1
IDENTIFIKASI MESOSCALE CONVECTIVE SYSTEM
BERDASARKAN ANALISIS CITRA RADAR
DI WILAYAH SUMATERA UTARA
Hangra Traverma Ulfi1, Eko Wardoyo2
1Sekolah Tinggi Meteorologi Klimatologi dan Geofisika, Jakarta 2Badan Meteorologi Klimatologi dan Geofisika, Jakarta
Email : [email protected] Abstrak
Mesoscale Convective System (MCS) sangat berpotensi dalam menimbulkan cuaca buruk di suatu wilayah. Untuk itu, sangat perlu pemahaman lebih mendalam untuk fenomena sistem skala meso ini sehingga bisa dijadikan salah satu acuan dalam kegiatan forecast. Melalui radar, gambaran secara detail dari sistem awan bisa dilihat dengan baik. Pada kajian ini dalam mengidentifikasi MCS akan digunakan radar dimana diharapkan karakteristik secara rinci dari MCS dapat diketahui. Metode yang dilakukan dalam kajian ini adalah dengan membagi fase dari perkembangan MCS dengan produk Column Maximum sehingga bisa ditemukan karakteristik yang lebih detail pada fenomena ini. Setelah dilakukan pembagian fase, maka akan diikuti dengan analisis dari berbagai produk seperti Echobase, Echotop, Volume Velocity Processing, Vertical Integrated Liquid, Stormtrack, dan SSA Hasil dari simulasi fenomena MCS ini menunjukkan MCS berinisiasi pada waktu siang hingga sore hari dengan lingkungan yang labil ditunjukan oleh nilai Convective Available Energy (CAPE) >1000 J/kg. Karakteristik dari setiap fase berbeda, sebagian besar perbedaan tersebut disebabkan oleh kekuatan shear vertikal.
Kata kunci : MCS, Radar, Fase, karakteristik,
Abstract
Mesoscale Convective System (MCS) can very potentially cause bad weather in a region. Therefore, deeper understanding for this MCS is necessary so that can be used as a reference in the short-term forecast activities. Through radar, detailed description of this system can be seen properly. In the study, radar imagery used for identificating MCS in order to characteristic of MCS could be known in detail. This study conducted by dividing phase of MCS’s development with Coloumn Maximum product so that detailed characteristics of these phenomena can be found. Analysis of radar products such as Echobase, Echotop, Volume Velocity Processing, Vertical Integrated Liquid, Stormtrack, and Storm Structure Analysis then done in every phases of MCS. The results of MCS simulation show that MCS initiated in afternoon with unstable environment showed by CAPE value more than 1000 J/kg.

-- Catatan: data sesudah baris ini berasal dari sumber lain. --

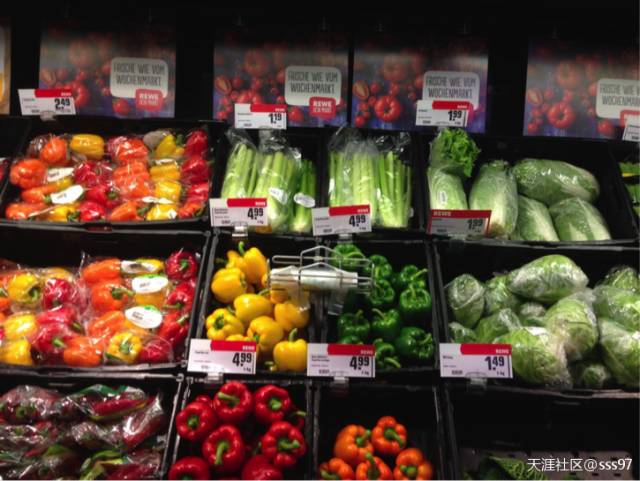 蔬菜价格比较贵,且种类少,经常需要逛几家超市才能买到一些能吃的素材;比如芹菜1.19欧一颗;青椒4.99欧一公斤;圆白菜1.99欧一公斤;菜花2.59欧一颗;扁豆角3.59欧一斤。
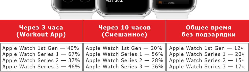 Также Leica Dad предлагает сравнить версии 42-мм и 38-мм на примере поколения Series 3. Изначально гаджет включён в режиме мобильного интернета в LTE-сети в течение 4 часов до фиксации процента, а затем переключается в более энергоёмкую Wi-Fi-сеть и через 8 часов вновь отмечается уровень процента. Итак, сколько держат заряд Apple Watch 3 с разными размерами корпуса?
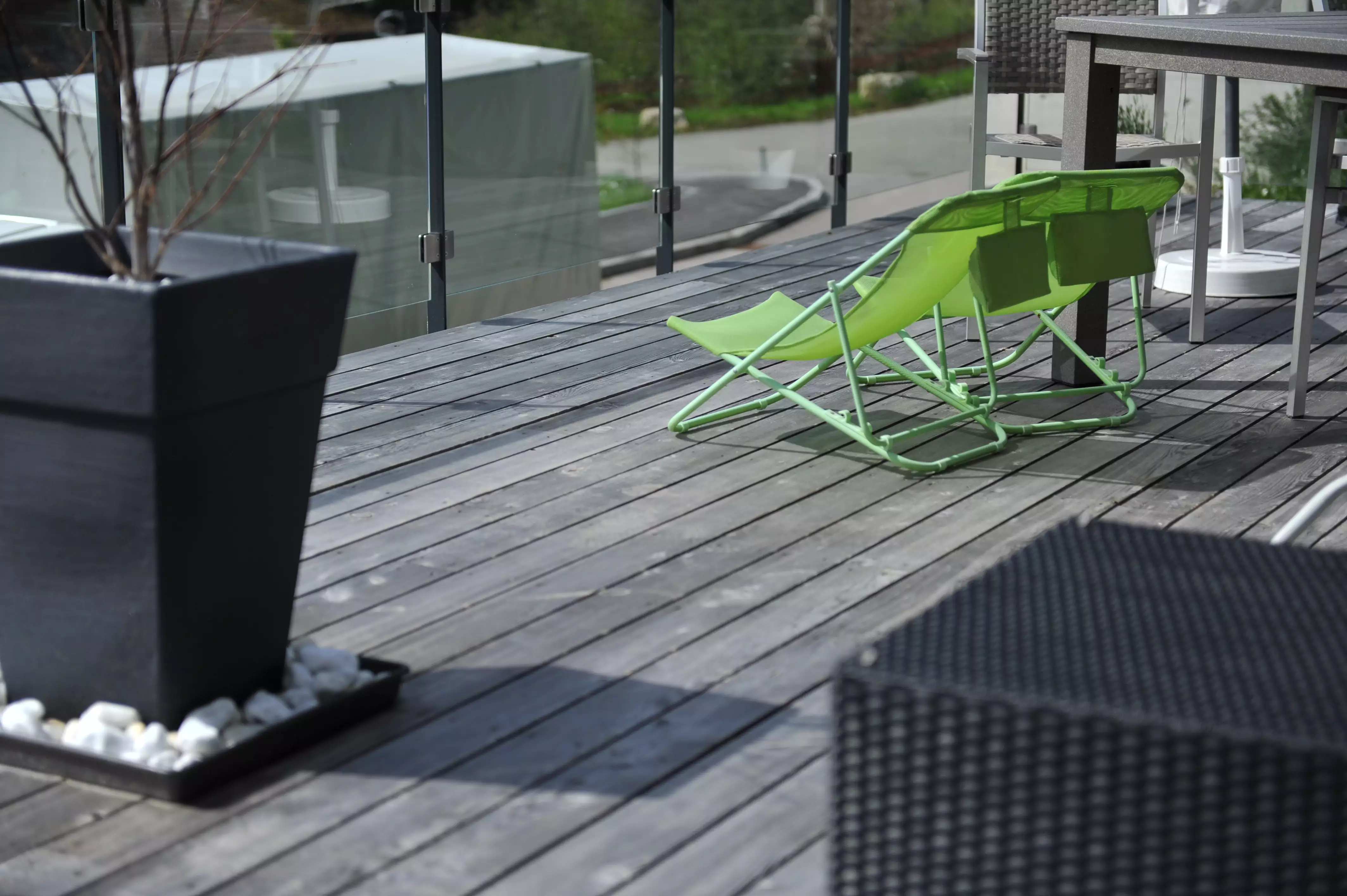 Nous avons fourni des lames de terrasse en mélèze suisse, avec une finition ECOGRIS®, bois pré-grisaillé.

Characteristics of each phase are different. These differences are caused by strength of vertical shear.
Keywords : MCS, radar, phase, characteristic
1. PENDAHULUAN
Cuaca buruk salah satunya diakibatkan oleh adanya sistem gugusan awan konvektif yang lebih luas dan memiliki siklus hidup yang lebih lama dari biasanya. Sistem gugusan awan konvektif yang luas ini berpotensi dalam menimbulkan area presipitasi yang luas juga sehingga berdampak lebih daripada sitem awan yang biasanya. Sistem gugusan awan konvektif
yang luas ini juga dikenal dengan nama Mesoscale Convective System (MCS).

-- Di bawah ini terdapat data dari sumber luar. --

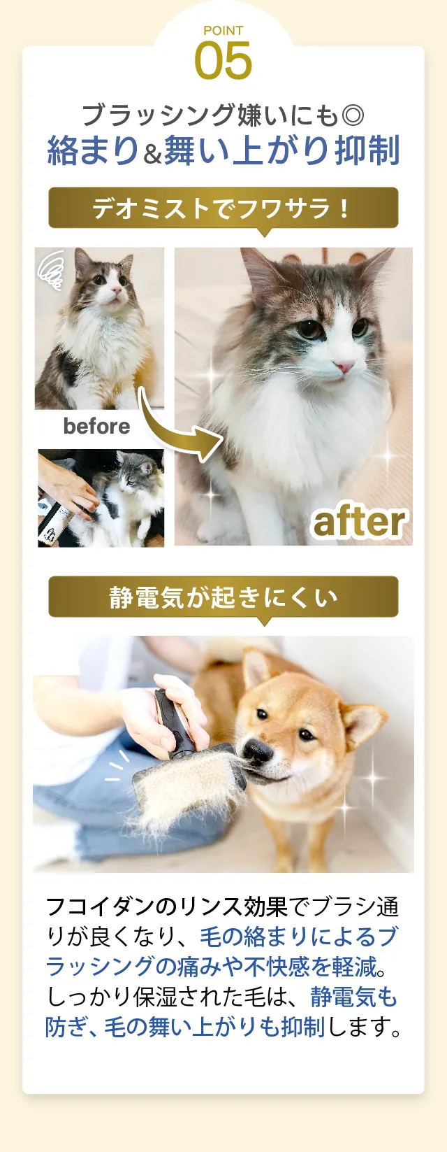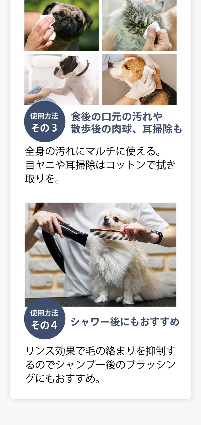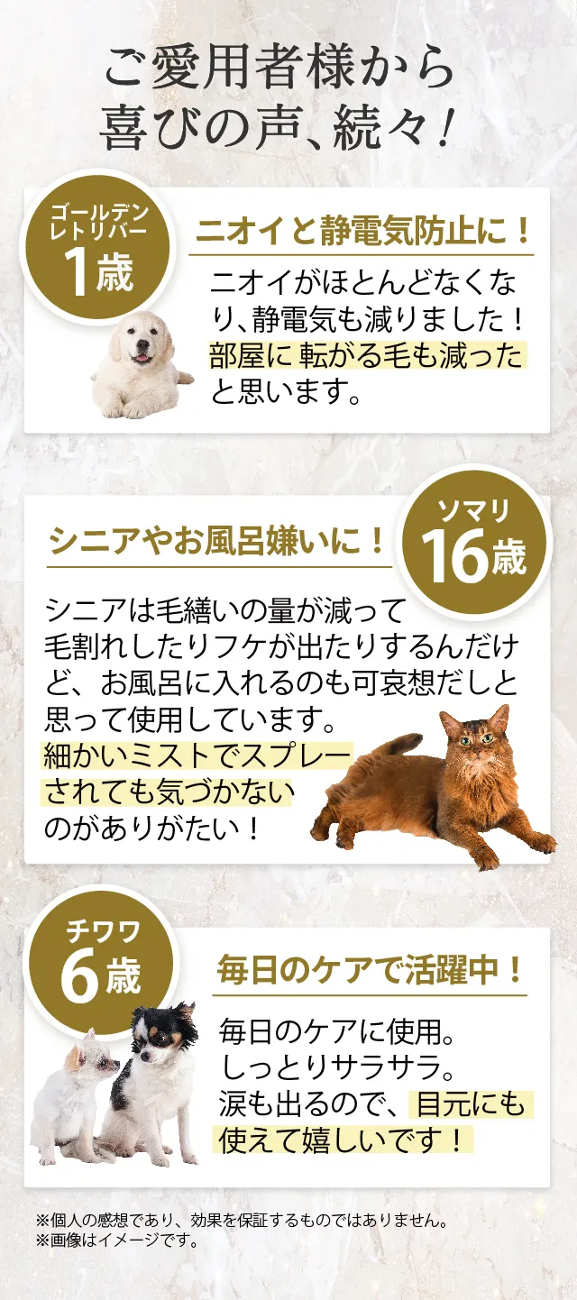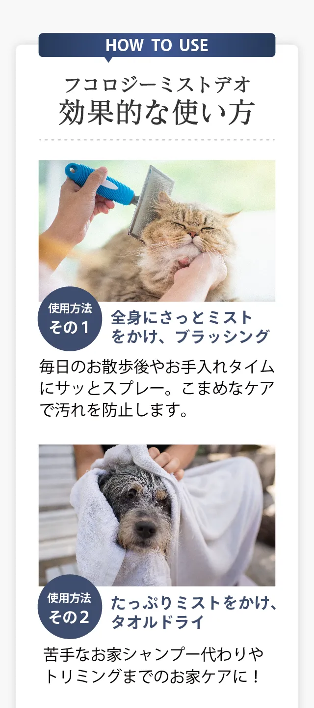 ブラッシング前に軽く全身にスプレーします。気になる臭いやパサつき、静電気を抑えて、健康的で艶やかな被毛に整えます。
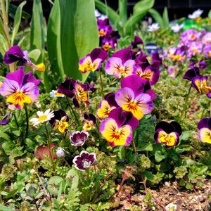種まきビオラとパンジーがたくさん咲いてくれました🎶 親株と同じ姿で咲いてくれたものもあれば全然違う姿になったものもありますが、どれも可愛く咲いています😄 種を採りたくて今は花がら摘みを控えめにしています。 ①ヌーヴェルヴァーグ ②バレリーヌのチュチュ ③④直播き 地面に直接ばら蒔いた種たち。成長は遅かったけれど無事咲いてくれました。 ⑤ときめきビオラ
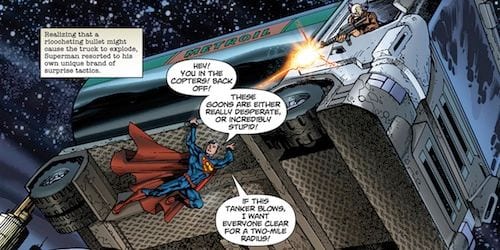 When it comes to fashion, however, Superman is all about change. He no longer sports the red underpants on the outside of his costume. There was a time and a place for that kind of thing, and that time has passed. And instead of stretchy, Spandex material, he seems to be wearing a reinforced, light, armor-like suit. In addition, Superman’s belt has changed from yellow to red. He also sports a mock turtleneck, which baffles me because the intent, at least I thought, was to make the costume more modern and serious. So, why then, the flashback to the 90s?
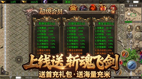 1、诚意:上线送[首充礼包],送[福利大厅],送[斩魂飞剑]
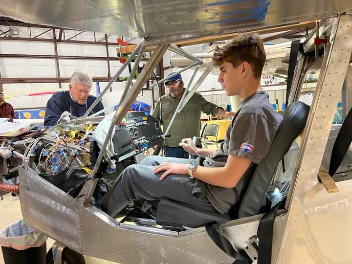 2.5 hr: Wyatt, Zee, Ishan 1.5 hr: Killian, Grace, Adrienne, Abel - One cabin forward channel isn't right and will be replaced. - Almost finish the riveting of the cabin belly. - Begin fitting engine mount to firewall. - Begin fitting cabin's engine mount brackets, and prepare shims for lower pair. - Finish bolting the wing strut bracket to the lower longerons (tight fit for the nuts). - Work on mounting magnetometer plate; rivets are loose and must be drilled out. - Finish fitting fuel tank to wing, and begin fitting fuel sender to the tank. 794 hr cummulative

MCS merupakan badai multisel luas yang terdiri dari banyak sel-sel individual dengan jarak yang dekat antara satu dengan lainnya sehingga sel-sel tersebut berinteraksi dalam berbagai cara. Menurut COMET pad a tahun 2016, interaksi tersebut bisa berupa cold pool dan wind shear vertical serta Updraft dan wind shear vertical. Interaksi
2 cold pool dan wind shear vertical berpotensi
dalam menghasilkan atau mebentuk sel badai baru dengan syarat kekuatan dari shear dan cold poool seimbang. Kekuatan updraft suatu badai sebagian besar dipengaruhi oleh kondisi tidak stabilnya lingkungan yang bisa ditunjukan dengan nilai CAPE. Penjelasan interaksi selanjutnya dipaparkan oleh Weisman dan Klemp pada tahun 1981, jika struktur badai terinisiasi pada kondisi available buoyant energy dengan nilai 1000 - 3500 m2s-2, ditambah dengan kekuatan shear lemah maka akan menghasilkan short-lived single cell. Jika ditambah dengan low to moderate shear akan menghasilkan perkembangan yang mirip multicell, sedangkan moderate to high shear akan menghasilkan badai terpisah yang sebanding terhadap supercell.

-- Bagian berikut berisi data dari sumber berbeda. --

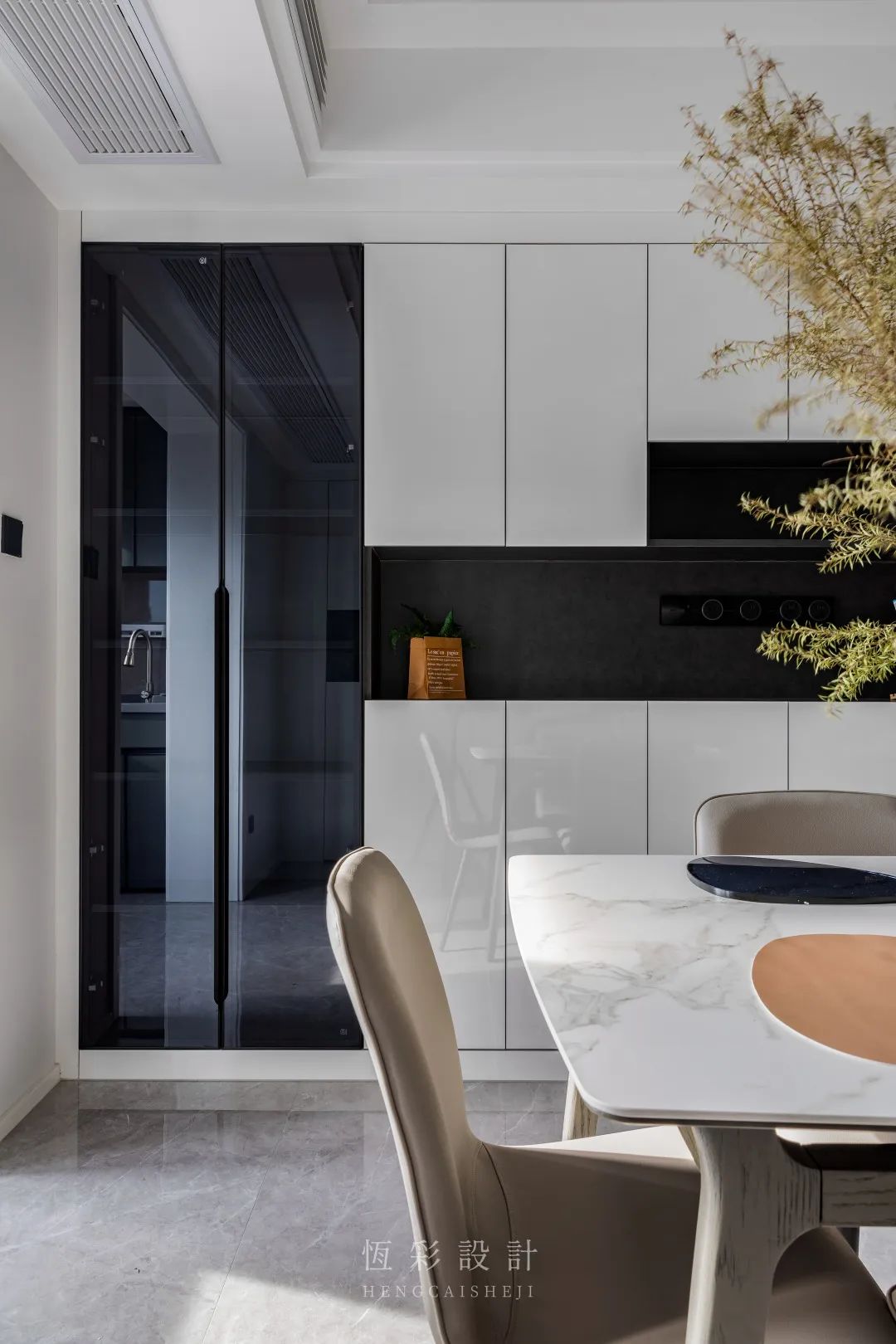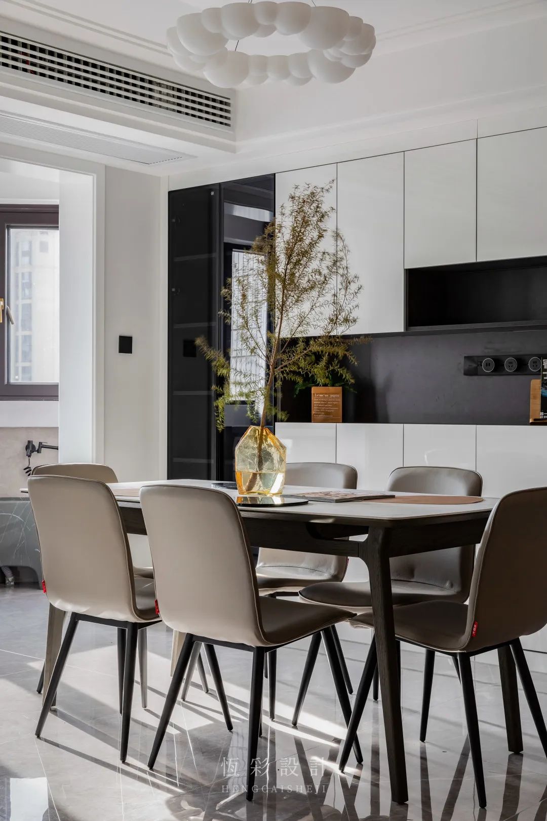 柜门统一白色,餐边柜收纳格与餐椅则选用黑色,视觉上增加层次感又不凌乱。
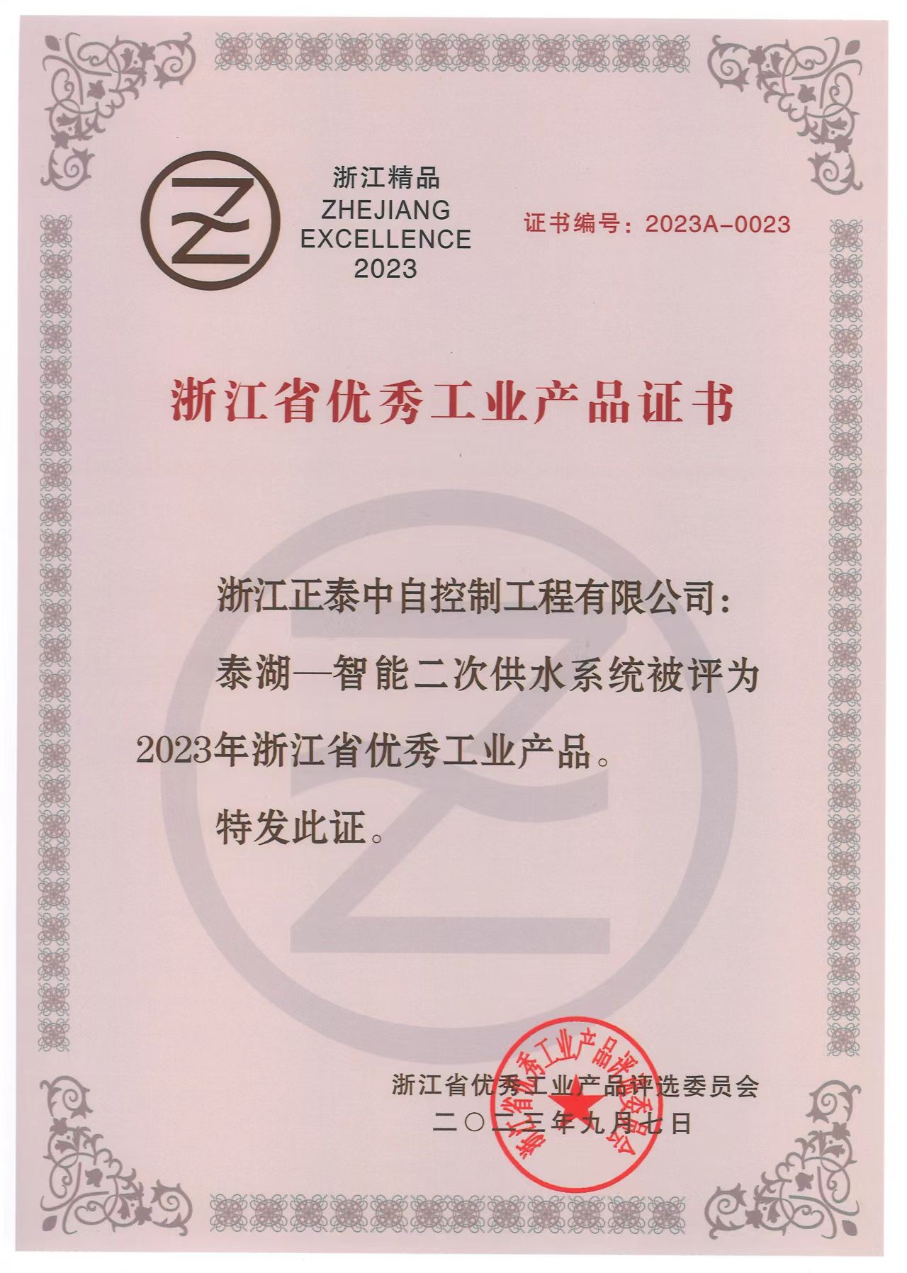 產品運用的專業設備管理軟件獲水利部昆侖獎。憑借卓越的產品性能和創新技術,泰湖-智能二次供水系統榮獲“2023年浙江省優秀工業產品殊榮,成為打造浙江省優秀工業產品的一張金名片。

Berbeda dengan multisel badai skala kecil, MCS mempunyai presipitasi stratiform (COMET, 2010). Pada citra radar, echo radar menampilkan pembagian presipitasi yang sangat jelas yang terdiri dari presipitasi konvektif dan presipitasi stratiform (Houze, 2004). Wilayah konvektif terdiri dari inti awan yang intens dan meluas secara vertikal, sedangkan wilayah sratiform lebih seragam (tetapi tidak sempurna) dilihat dari tekstur hujan ringannya.
Pada tulisan kali ini maka akan digunakan citra radar dalam analisis karakteristik MCS. Karakteristik akan dirincikan dalam beberapa fase. Menurut Higendrof pada tahun 1997, fase inisiasi MCS didefinisikan ketika unsur presipitasi konvektif mulai meningkat tanpa adanya pembusukan yang signifikan, jarak antara elemen konvektif harus berdekatan. Fase Matang didefinisikan sebagai periode dimana dari pengamatan visual, daerah reflektifitas menunjukan ukuran dan bentuk dari MCS adalah konstan. Fase meluruh didefinisikan sebagai ketika intensitas garis konvektif mulai meluruh, menandai awal dari peluruhan. Fase punah terjadi jika syarat inisiasi tidak tepenuhi, biasanya terlihat dengan sel-sel konvektif yang habis. Menurut Gamache Houze pada tahun 1981, untuk sel konvektif terlihat dari nilai reflektifitas yang lebih dari 38 dBz, sedangkan untuk stratiform dibawahnya.
Penelitian ini akan membahas karakteristik MCS dengan membagi fase
terlebih dahulu sehingga diharapkan akan menghasilkan karakteristik yang lebih rinci
Manfaat dari penelitian ini sebagai salah satu upaya meningkatkan pemahaman tentang karakteristik MCS dengan lebih rinci karena dilakukannya pembagian fase.
2. DATA DAN METODE
2.1 Data
Kajian tentang MCS difokuskan di area radar cuaca Medan. Data yang digunakan meliputi raw data radar cuaca Medan pada kasus terpilih di tahun 2014 dan 2015. Data kedua adalah data tambahan seperti data udara atas Stasiu meteorologi Kualanamu.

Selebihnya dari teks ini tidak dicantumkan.